:: Exercise data ::
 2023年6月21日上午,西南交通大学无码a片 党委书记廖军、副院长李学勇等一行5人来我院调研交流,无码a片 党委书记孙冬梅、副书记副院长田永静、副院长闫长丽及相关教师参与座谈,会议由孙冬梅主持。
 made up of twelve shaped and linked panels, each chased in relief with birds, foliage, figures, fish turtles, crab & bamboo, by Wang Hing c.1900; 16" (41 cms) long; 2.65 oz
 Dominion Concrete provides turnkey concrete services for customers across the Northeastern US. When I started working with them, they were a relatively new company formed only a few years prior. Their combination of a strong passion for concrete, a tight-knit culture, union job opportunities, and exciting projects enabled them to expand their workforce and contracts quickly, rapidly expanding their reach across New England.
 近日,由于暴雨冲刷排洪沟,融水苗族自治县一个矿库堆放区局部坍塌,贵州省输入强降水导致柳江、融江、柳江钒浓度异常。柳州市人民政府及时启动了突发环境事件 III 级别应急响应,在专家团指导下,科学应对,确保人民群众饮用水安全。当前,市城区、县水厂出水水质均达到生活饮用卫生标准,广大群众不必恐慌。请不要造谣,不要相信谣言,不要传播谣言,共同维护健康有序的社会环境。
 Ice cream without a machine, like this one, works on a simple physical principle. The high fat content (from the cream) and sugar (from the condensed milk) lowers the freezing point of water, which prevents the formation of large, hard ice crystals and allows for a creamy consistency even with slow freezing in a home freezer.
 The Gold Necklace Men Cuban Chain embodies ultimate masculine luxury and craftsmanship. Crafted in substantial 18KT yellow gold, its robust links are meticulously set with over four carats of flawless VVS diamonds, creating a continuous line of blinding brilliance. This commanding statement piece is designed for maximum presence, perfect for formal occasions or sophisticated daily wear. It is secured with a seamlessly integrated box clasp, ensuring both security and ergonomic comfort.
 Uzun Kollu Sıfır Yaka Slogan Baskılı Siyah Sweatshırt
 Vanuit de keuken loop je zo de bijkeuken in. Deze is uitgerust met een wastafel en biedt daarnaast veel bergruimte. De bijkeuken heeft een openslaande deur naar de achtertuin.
:::
What you are asked to do: Set down the lines of the records exactly, from the first one through the line containing "Ice cream without", and add nothing else.

Written solution:
 2023年6月21日上午,西南交通大学无码a片 党委书记廖军、副院长李学勇等一行5人来我院调研交流,无码a片 党委书记孙冬梅、副书记副院长田永静、副院长闫长丽及相关教师参与座谈,会议由孙冬梅主持。
 made up of twelve shaped and linked panels, each chased in relief with birds, foliage, figures, fish turtles, crab & bamboo, by Wang Hing c.1900; 16" (41 cms) long; 2.65 oz
 Dominion Concrete provides turnkey concrete services for customers across the Northeastern US. When I started working with them, they were a relatively new company formed only a few years prior. Their combination of a strong passion for concrete, a tight-knit culture, union job opportunities, and exciting projects enabled them to expand their workforce and contracts quickly, rapidly expanding their reach across New England.
 近日,由于暴雨冲刷排洪沟,融水苗族自治县一个矿库堆放区局部坍塌,贵州省输入强降水导致柳江、融江、柳江钒浓度异常。柳州市人民政府及时启动了突发环境事件 III 级别应急响应,在专家团指导下,科学应对,确保人民群众饮用水安全。当前,市城区、县水厂出水水质均达到生活饮用卫生标准,广大群众不必恐慌。请不要造谣,不要相信谣言,不要传播谣言,共同维护健康有序的社会环境。
 Ice cream without a machine, like this one, works on a simple physical principle. The high fat content (from the cream) and sugar (from the condensed milk) lowers the freezing point of water, which prevents the formation of large, hard ice crystals and allows for a creamy consistency even with slow freezing in a home freezer.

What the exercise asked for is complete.